Your goal: Below, some lines carry pictures; leave those pictures out and retype exactly the lines from the one with "14 oz non-stretch" through the one with "Popis: dům se".

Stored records
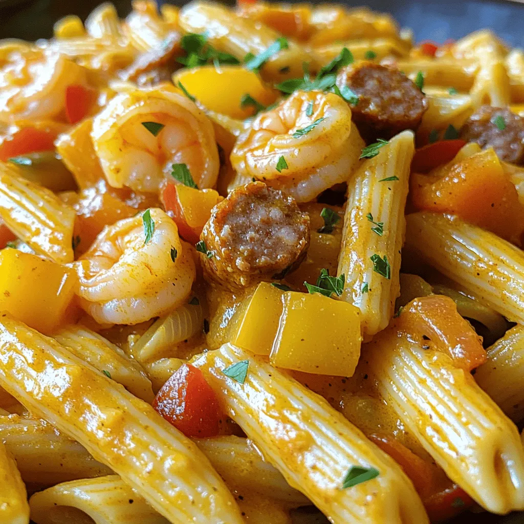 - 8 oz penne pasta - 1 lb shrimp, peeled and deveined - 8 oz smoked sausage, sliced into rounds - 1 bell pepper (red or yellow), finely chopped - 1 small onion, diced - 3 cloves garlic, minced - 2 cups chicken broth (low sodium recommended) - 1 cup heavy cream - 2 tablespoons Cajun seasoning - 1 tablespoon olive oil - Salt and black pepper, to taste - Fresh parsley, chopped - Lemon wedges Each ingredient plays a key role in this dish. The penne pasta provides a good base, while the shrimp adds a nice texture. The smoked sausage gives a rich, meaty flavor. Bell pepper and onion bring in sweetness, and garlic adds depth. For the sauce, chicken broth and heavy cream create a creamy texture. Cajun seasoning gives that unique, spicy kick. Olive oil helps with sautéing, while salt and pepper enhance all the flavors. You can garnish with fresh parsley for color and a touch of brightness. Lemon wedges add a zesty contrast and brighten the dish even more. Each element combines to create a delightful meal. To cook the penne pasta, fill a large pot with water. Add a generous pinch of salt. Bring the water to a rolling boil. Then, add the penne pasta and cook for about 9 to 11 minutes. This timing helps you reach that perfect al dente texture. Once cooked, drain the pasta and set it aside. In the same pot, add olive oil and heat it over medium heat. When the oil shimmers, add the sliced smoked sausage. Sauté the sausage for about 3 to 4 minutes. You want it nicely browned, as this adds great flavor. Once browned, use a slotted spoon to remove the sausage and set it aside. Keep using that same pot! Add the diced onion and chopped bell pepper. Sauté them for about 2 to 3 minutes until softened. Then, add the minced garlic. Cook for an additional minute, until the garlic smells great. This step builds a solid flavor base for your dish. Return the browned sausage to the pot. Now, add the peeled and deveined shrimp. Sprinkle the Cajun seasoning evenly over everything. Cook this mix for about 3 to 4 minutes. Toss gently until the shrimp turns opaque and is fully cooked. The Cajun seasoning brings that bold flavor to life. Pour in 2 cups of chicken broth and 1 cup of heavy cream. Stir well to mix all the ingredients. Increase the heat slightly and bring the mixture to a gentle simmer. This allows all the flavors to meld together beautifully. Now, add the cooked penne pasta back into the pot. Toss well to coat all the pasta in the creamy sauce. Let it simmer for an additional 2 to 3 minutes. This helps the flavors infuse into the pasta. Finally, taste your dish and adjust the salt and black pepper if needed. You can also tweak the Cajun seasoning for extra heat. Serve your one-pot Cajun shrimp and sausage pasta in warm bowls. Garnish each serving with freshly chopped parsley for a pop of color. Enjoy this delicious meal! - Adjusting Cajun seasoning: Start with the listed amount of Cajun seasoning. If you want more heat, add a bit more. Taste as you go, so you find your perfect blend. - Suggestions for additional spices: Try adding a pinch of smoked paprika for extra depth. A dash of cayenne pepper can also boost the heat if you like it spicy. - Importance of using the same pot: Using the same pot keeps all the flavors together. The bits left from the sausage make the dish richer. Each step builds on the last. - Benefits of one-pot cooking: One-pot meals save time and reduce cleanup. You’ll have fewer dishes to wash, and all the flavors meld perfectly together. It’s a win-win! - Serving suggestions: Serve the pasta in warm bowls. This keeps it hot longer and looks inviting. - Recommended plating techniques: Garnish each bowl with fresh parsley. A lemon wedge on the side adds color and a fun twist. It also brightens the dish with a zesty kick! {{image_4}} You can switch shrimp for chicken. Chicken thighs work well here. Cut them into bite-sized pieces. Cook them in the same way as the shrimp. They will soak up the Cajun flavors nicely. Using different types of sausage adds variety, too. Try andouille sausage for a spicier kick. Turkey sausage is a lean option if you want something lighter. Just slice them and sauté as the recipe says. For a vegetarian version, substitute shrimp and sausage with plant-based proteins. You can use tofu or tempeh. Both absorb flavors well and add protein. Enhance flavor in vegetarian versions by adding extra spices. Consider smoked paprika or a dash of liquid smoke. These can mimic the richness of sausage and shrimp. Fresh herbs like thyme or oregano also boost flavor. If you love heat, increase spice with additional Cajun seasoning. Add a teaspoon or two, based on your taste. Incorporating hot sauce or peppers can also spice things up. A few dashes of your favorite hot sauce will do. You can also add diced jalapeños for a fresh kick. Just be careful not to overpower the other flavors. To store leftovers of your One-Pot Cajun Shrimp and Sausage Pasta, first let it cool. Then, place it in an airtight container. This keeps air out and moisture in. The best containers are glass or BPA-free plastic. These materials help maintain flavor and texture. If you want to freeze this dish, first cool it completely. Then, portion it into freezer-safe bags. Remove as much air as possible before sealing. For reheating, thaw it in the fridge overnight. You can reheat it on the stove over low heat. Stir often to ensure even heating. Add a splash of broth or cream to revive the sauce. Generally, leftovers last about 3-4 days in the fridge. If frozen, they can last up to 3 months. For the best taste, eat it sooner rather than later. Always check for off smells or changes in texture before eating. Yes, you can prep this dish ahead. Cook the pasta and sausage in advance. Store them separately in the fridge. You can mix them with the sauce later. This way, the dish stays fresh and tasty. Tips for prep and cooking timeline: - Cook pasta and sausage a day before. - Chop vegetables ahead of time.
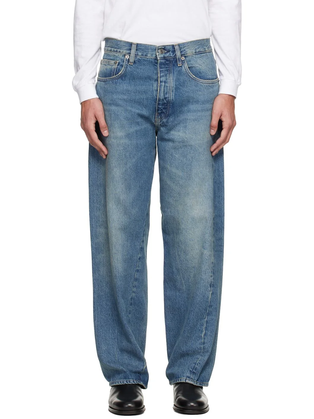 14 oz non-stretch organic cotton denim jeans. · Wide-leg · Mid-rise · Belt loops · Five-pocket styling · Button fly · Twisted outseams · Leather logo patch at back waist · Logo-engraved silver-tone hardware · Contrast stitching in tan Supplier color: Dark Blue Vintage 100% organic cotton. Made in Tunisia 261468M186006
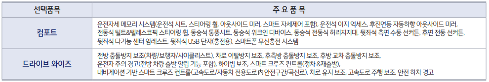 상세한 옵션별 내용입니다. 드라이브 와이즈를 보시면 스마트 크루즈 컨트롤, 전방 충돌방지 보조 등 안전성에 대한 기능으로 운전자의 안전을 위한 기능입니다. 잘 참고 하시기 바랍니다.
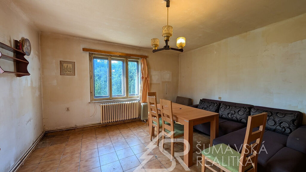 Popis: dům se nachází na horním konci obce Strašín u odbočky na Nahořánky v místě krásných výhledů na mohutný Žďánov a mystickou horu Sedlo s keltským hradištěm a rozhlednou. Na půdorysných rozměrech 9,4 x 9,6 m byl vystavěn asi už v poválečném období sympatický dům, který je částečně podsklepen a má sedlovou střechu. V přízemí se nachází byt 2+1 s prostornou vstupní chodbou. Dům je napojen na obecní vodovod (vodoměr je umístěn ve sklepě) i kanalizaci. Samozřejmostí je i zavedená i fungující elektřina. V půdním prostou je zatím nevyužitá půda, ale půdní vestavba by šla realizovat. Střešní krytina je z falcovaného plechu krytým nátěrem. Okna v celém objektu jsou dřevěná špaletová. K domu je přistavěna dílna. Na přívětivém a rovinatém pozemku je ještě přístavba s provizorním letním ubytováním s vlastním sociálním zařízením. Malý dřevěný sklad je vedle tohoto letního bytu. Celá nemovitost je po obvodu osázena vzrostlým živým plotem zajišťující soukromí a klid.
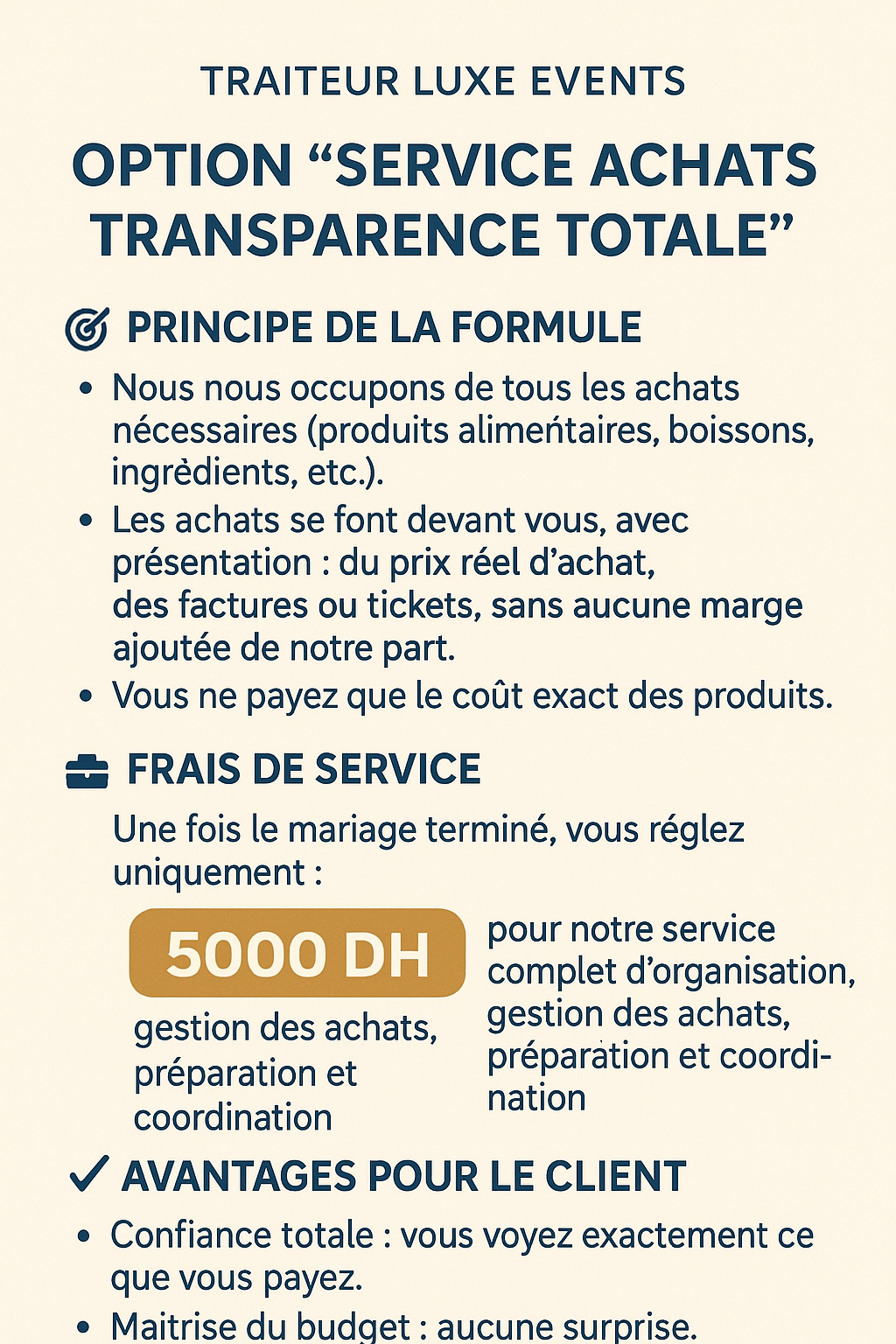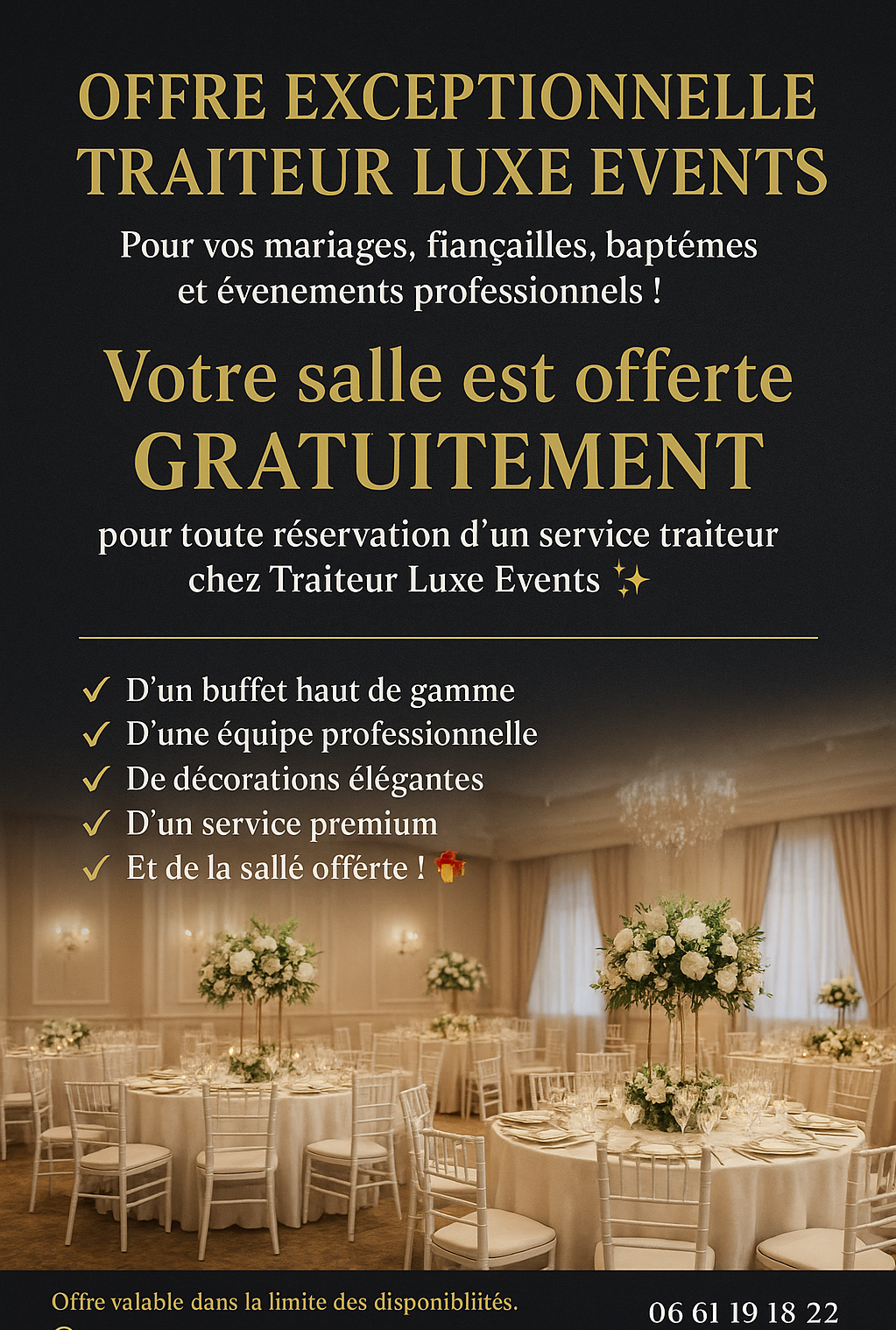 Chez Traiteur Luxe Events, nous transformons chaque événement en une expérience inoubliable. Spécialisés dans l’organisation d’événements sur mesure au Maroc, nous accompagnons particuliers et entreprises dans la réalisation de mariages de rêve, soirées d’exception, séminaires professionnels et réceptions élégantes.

Output:
 14 oz non-stretch organic cotton denim jeans. · Wide-leg · Mid-rise · Belt loops · Five-pocket styling · Button fly · Twisted outseams · Leather logo patch at back waist · Logo-engraved silver-tone hardware · Contrast stitching in tan Supplier color: Dark Blue Vintage 100% organic cotton. Made in Tunisia 261468M186006
 상세한 옵션별 내용입니다. 드라이브 와이즈를 보시면 스마트 크루즈 컨트롤, 전방 충돌방지 보조 등 안전성에 대한 기능으로 운전자의 안전을 위한 기능입니다. 잘 참고 하시기 바랍니다.
 Popis: dům se nachází na horním konci obce Strašín u odbočky na Nahořánky v místě krásných výhledů na mohutný Žďánov a mystickou horu Sedlo s keltským hradištěm a rozhlednou. Na půdorysných rozměrech 9,4 x 9,6 m byl vystavěn asi už v poválečném období sympatický dům, který je částečně podsklepen a má sedlovou střechu. V přízemí se nachází byt 2+1 s prostornou vstupní chodbou. Dům je napojen na obecní vodovod (vodoměr je umístěn ve sklepě) i kanalizaci. Samozřejmostí je i zavedená i fungující elektřina. V půdním prostou je zatím nevyužitá půda, ale půdní vestavba by šla realizovat. Střešní krytina je z falcovaného plechu krytým nátěrem. Okna v celém objektu jsou dřevěná špaletová. K domu je přistavěna dílna. Na přívětivém a rovinatém pozemku je ještě přístavba s provizorním letním ubytováním s vlastním sociálním zařízením. Malý dřevěný sklad je vedle tohoto letního bytu. Celá nemovitost je po obvodu osázena vzrostlým živým plotem zajišťující soukromí a klid.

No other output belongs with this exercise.